Gripping hold of the bannister tightly I slowly descend the stairs. Reaching the bottom, I hear a knocking sound over the music.
Throwing the door wide to a blast of freezing air, I lurch forward, enveloping Lisa in a hug.
‘You came!’
‘Sorry I’m so late – my car wouldn’t start and I had to call a taxi. I don’t suppose you’ve got some cash, have you? I asked the cabbie to stop at a cashpoint, but I don’t think he understood me.’
‘But I gave you the money for the garage?’
‘I know. They must have been a bunch of cowboys.’
‘Can’t you?—’ A sharp beep of the taxi’s horn blasts. We’ll have to talk about it later. ‘Come in. I’ll grab my purse.’
She steps onto the mat and pushes back her hood. She looks pale and I hope she’s not going to suffer from morning sickness. I am overwhelmed with what she is doing for me. For us, I remind myself as I hear Nick’s voice drifting out from the lounge followed by a peal of tinkling laughter. ‘How much is it?’ I unzip my handbag hanging on a hook by the door.
‘It’s £200.’
I know I don’t have enough in my purse, and I’m over the limit and can’t drive to the cashpoint but then I remember the safe. Nick keeps some cash in there. It’s in his study. I don’t usually open it, but with the meter on the cab ticking, I’m sure he won’t mind. The numbers glow green as I punch in the combination, Nick’s birthday, and pull out a bundle of notes. As I turn around, Lisa is leaning against the doorframe, pulling off her gloves.
‘I’ll take the money out.’ She holds out her hand. ‘I’ve still got my coat and shoes on. Make me a hot drink, would you?’
I hand over the cash.
In the kitchen, I am tipping boiling water onto coffee granules when the front door slams.

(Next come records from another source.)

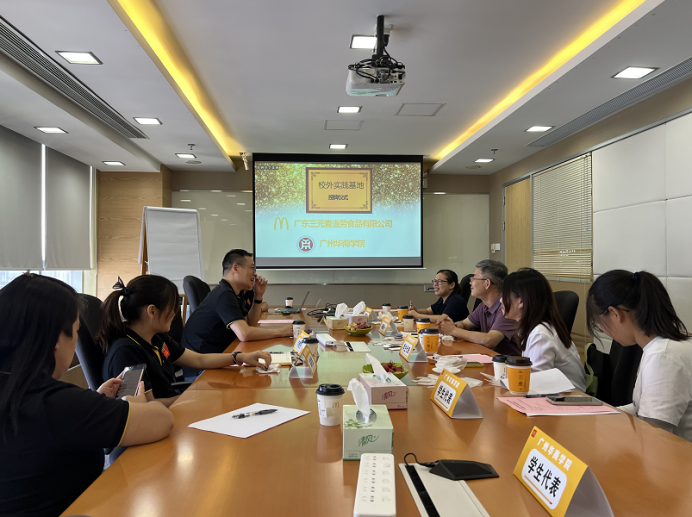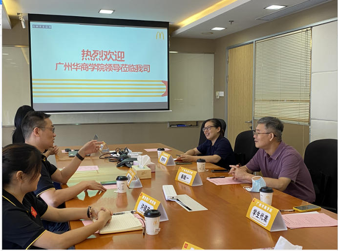 广东三元麦当劳食品有限公司对此次挂牌仪式高度重视,广东三元麦当劳食品有限公司广州市人力资源部高级经理黄孝强、区域经理郑明华、人力资源经理许境芳及招聘负责人吴洁莹等企业高管代表热情接待我院副院长秦陇一教授一行。
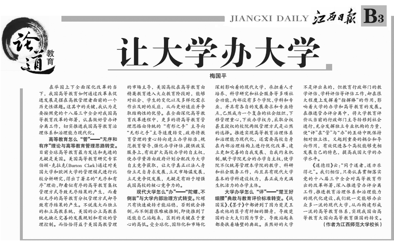 4月22日,《江西日报》教育版“论道教育”专栏刊发了我校校长梅国平教授的理论文章——《让大学办大学》,全文如下:
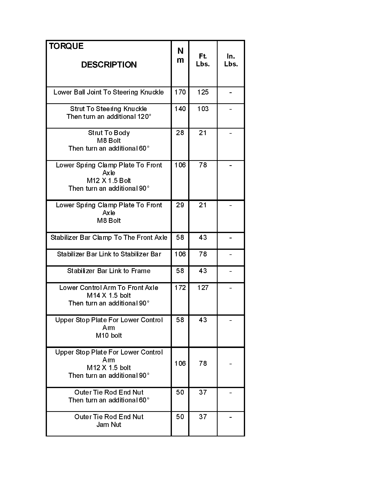 Torque Specifications:
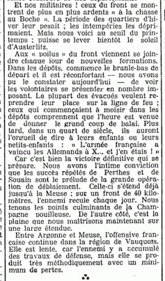 La vision donnée par la presse est celle donnée par les autorités : laconique, inexacte sans être réellement mensongère. La difficulté n’est pas cachée, mais est minoré. Des prisonniers ont été faits, des contre attaques repoussées. Cependant, le Bulletin des Armées ne cache pas la difficulté à prendre pied dans le village, les échecs subis. Certes, le discours est volontaire et positif, mais on est loin de la propagande aveugle, du bourrage de crâne visible dans de nombreux autres articles.

‘All sorted.’ Lisa wraps her hands around the mug as I add a splash of milk.
‘Who’s this then?’ Richard scoops a handful of peanuts, dropping them into his mouth.
‘This is Lisa, our surrogate. Lisa, this is Richard, Nick’s friend and our solicitor.’
A frown furrows Lisa’s forehead as she studies Richard. I look across at him and catch a flicker in his eyes. I think it’s a sign of recognition, but it is too brief for me to be sure.
‘Pleased to meet you, Lisa,’ Richard says but his words are as cold as the icicles suspended from the guttering outside the window like daggers, and just as sharp.
12
Now
On New Year’s Day, I wake, a sour taste in my mouth. The first resolution I make, and will probably break, is never to drink again. The smell of stale alcohol fills our bedroom. Next to me, Nick is lying on his back, mouth hanging open, arms spread above his head. We both overdid it last night, and my memories are hazy but I remember switching BBC on and, as Big Ben chimed the start of a brand new year, I had hugged Lisa tightly, feeling her heart beat against mine, and I imagined the baby’s heart racing away too. At six weeks pregnant the heartbeat should be detectable. After Lisa’s text came on Christmas Day, I’d ordered a pregnancy bible from Amazon, and I’ve memorised virtually every single stage of the first trimester already. I had tried to tell Nick that the baby’s face is already taking shape and his circulatory system is developing, but he’d said it was impossible Lisa is that far gone despite the fact I had already told him the weeks of pregnancy are dated from the first day of the last menstrual period. As I explained for the second time, he glazed over. I’d pored over the pages, exclaiming in delight when I learned the baby would start to move at eight weeks and would be the size of a jelly bean. ‘We should call him or her Beanie, until we know the sex. What do you think? A gender neutral nickname?’ Nick didn’t answer, and when I looked up, he had left the room. Thinking logically, I know some men aren’t terribly interested in pregnancy, and it’s not the fact it’s Lisa carrying Nick’s baby that makes him seem detached, but it still smarts all the same.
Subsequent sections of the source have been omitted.